Sin embargo Natalie se recostó contra la cabecera de la cama, la extensión de la cadena permitiéndole que pegara sus rodillas contra el pecho.

–¿Tienes hambre?, ¿tienes sed?

–Sí… Creo que sí –contestó ella pensando en el tono de voz del extraño desconocido, el cual se hubiese podido comparar con el de Sebastián o el de cualquier otro muchacho de su edad.

El hombre de la máscara se sentó en el borde de la cama, provocando que la muchacha de los ojos verdes y el cabello naranja se desplazara hacia el borde contrario.

–Me imagino que no has comido muy bien durante los últimos días…

–Solo algunas frutas –contestó ella, sorprendida por la amabilidad de aquel hombre.
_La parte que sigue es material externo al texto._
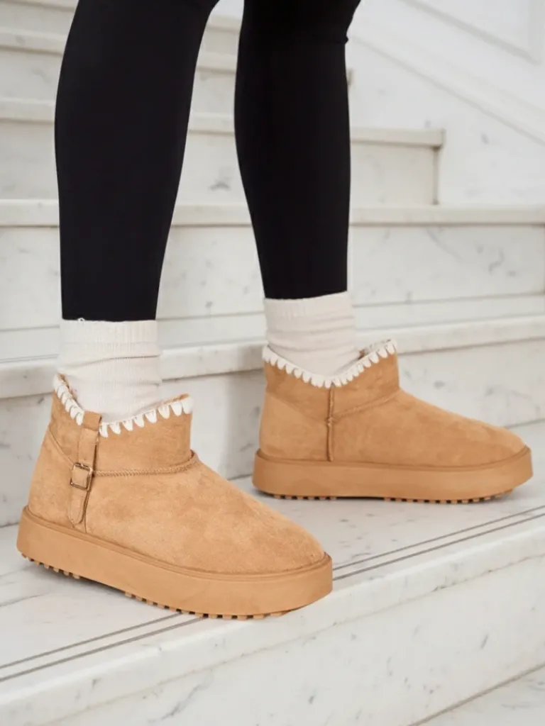 - Świetne damskie zimowe buty typu śniegowce na platformie. Cholewka wykonana jest ze skóry ekologicznej zamszowej, środek ocieplony futerkiem. Idealna baza na zimę!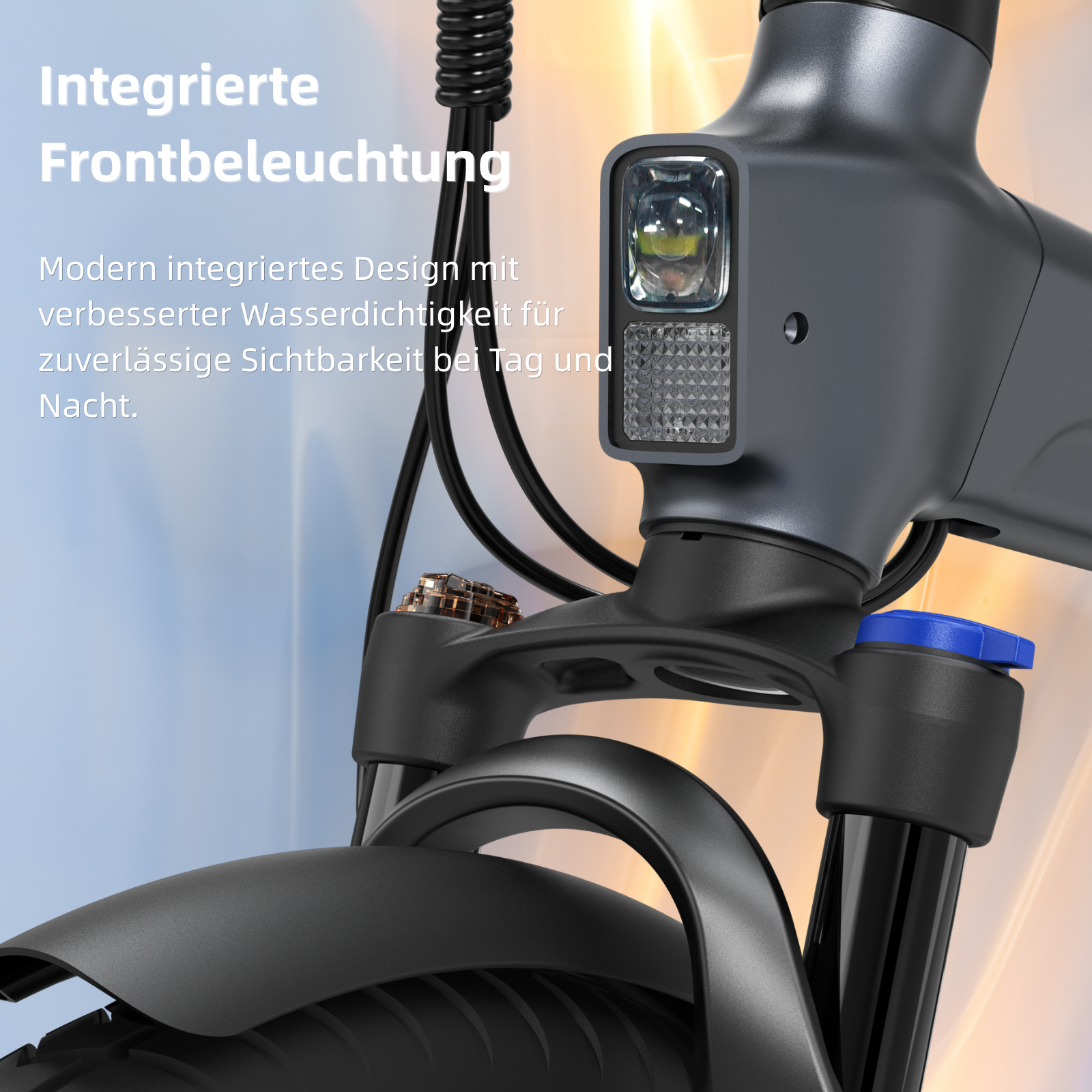 Die integrierten Lichter erhöhen deine Sichtbarkeit im Straßenverkehr und sorgen gleichzeitig für ein modernes, aufgeräumtes Design. So bist du jederzeit sicher unterwegs – egal ob bei Dunkelheit oder schlechten Lichtverhältnissen.

–¿Quieres que te explique por qué estás aquí?

–Sí…

–¿Y quieres que lo haga antes de que comas y bebas algo, o después?

–Lo que usted quiera… –dijo una Natalie a la que le costaba hilar más de dos frases seguidas.

–Mira, te voy a traer algo y después te cuento –el hombre de la máscara se levantó y salió de la habitación cerrando la puerta tras de sí. Natalie se paró inmediatamente y se desplazó con la intención de abrirla, pero la extensión de la cadena no le permitió separarse más de metro y medio de la cama. Volvió a sentarse, y en medio de los nervios pensó en lo que acababa de ver: la historia de Michelle era cierta, no habían sido alucinaciones ni tampoco las visiones de un náufrago sediento. El hombre de la máscara existía, y todo parecía indicar que no les quería hacer daño, o por lo menos no a ella. Sus ojos verdes, al mismo tiempo eran hermosos, dulces y penetrantes, y la forma como se movía y se expresaba eran las de una persona joven, muy probablemente de la misma edad de cualquiera de sus compañeros. No le quedaba claro cómo podía existir en esa isla un lugar con la comodidad y el lujo como los de aquella habitación. Se preguntó si estaría en alguna parte del subterráneo, o si por el contrario se encontraría a varios kilómetros de distancia de la parte de la isla que había conocido hasta el momento. Se quedó mirando al techo por unos minutos, tratando de espantar el miedo y de disfrutar de la comodidad de la cama, hasta el momento en que el hombre regresó. En sus manos llevaba una bandeja que puso sobre sus piernas. No lo podía creer; era casi como mirar la bandeja del restaurante de un hotel. La vajilla era del mejor estilo europeo, y en el plato principal estaba servido lo que a ella le pareció un pescado frito, ensalada y papas a la francesa. La comida la complementaban dos vasos de espeso líquido amarillo y un pequeño durazno.